Data:
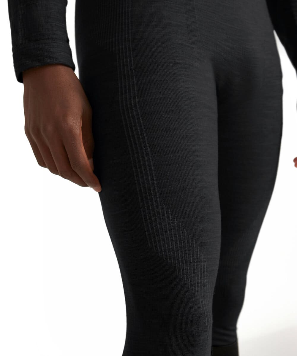 Термолеггінси Wool-Tech зі зручною посадкою зберігають тіло сухим і теплим за низьких і дуже низьких температур. Поєднання високоякісної вовни мериноса, стійкої до запахів, і високоякісного переробленого поліаміду забезпечує чудове управління вологістю та терморегуляцію. Легінси створені з урахуванням анатомічної форми тіла та спортивних рухів для максимального комфорту. Підходять для занять низької та середньої інтенсивності
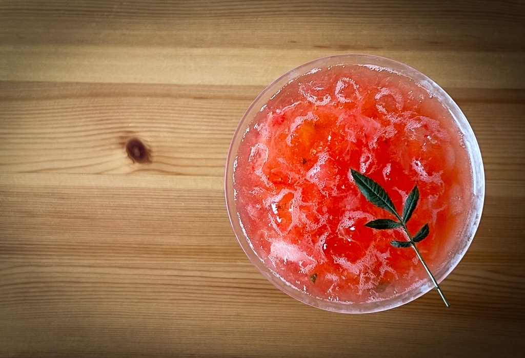 在家裡,剛剛調製了一杯美味的草莓Old Fashioned後,我決定再調上一杯酒,名為Strawberry Daiquir,以海明威最常飲的調酒作為發想,好讓草莓發揮最大的效果與作用,當然還有還沒用完的芳香萬壽菊。
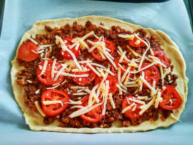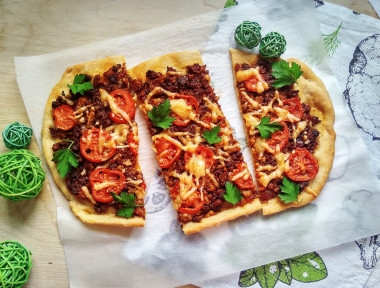 Пиццу с фаршем я еще не готовила, очень интересно было попробовать. Фарш у меня был смешанный из свинины и говядины. Все пропорции я уменьшила пополам, чтобы получилась одна небольшая пицца. Лук с фаршем обжарился довольно быстро, затем посолила, поперчила и добавила томатную пасту. Мне показалось, что немного суховато, добавила немного воды. После этого начинка стала очень сочной, обжаренный фарш вкусный и ароматный. Тесто замесилось хорошо, подходило полчаса. Раскатывала тесто без добавления муки, лепешка легко раскаталась. Я придала ей овальную форму, просто так захотелось. Помидорок у меня ушло две штуки средних. Запекала пиццу 15 минут, к этому времени она была уже готова. Лепешку раскатывала тонко и тесто сильно не поднялось. Корочка хрустящая получилась. Начинка осталась сочной, что меня очень порадовало) С помидорами фарш отлично сочетается, получается приятное послевкусие. Мне пицца понравилась, детям тоже. Спасибо за рецепт!

Your goal:
Output each line above exactly. Skip the images.

Response area:
 Термолеггінси Wool-Tech зі зручною посадкою зберігають тіло сухим і теплим за низьких і дуже низьких температур. Поєднання високоякісної вовни мериноса, стійкої до запахів, і високоякісного переробленого поліаміду забезпечує чудове управління вологістю та терморегуляцію. Легінси створені з урахуванням анатомічної форми тіла та спортивних рухів для максимального комфорту. Підходять для занять низької та середньої інтенсивності
 在家裡,剛剛調製了一杯美味的草莓Old Fashioned後,我決定再調上一杯酒,名為Strawberry Daiquir,以海明威最常飲的調酒作為發想,好讓草莓發揮最大的效果與作用,當然還有還沒用完的芳香萬壽菊。
 Пиццу с фаршем я еще не готовила, очень интересно было попробовать. Фарш у меня был смешанный из свинины и говядины. Все пропорции я уменьшила пополам, чтобы получилась одна небольшая пицца. Лук с фаршем обжарился довольно быстро, затем посолила, поперчила и добавила томатную пасту. Мне показалось, что немного суховато, добавила немного воды. После этого начинка стала очень сочной, обжаренный фарш вкусный и ароматный. Тесто замесилось хорошо, подходило полчаса. Раскатывала тесто без добавления муки, лепешка легко раскаталась. Я придала ей овальную форму, просто так захотелось. Помидорок у меня ушло две штуки средних. Запекала пиццу 15 минут, к этому времени она была уже готова. Лепешку раскатывала тонко и тесто сильно не поднялось. Корочка хрустящая получилась. Начинка осталась сочной, что меня очень порадовало) С помидорами фарш отлично сочетается, получается приятное послевкусие. Мне пицца понравилась, детям тоже. Спасибо за рецепт!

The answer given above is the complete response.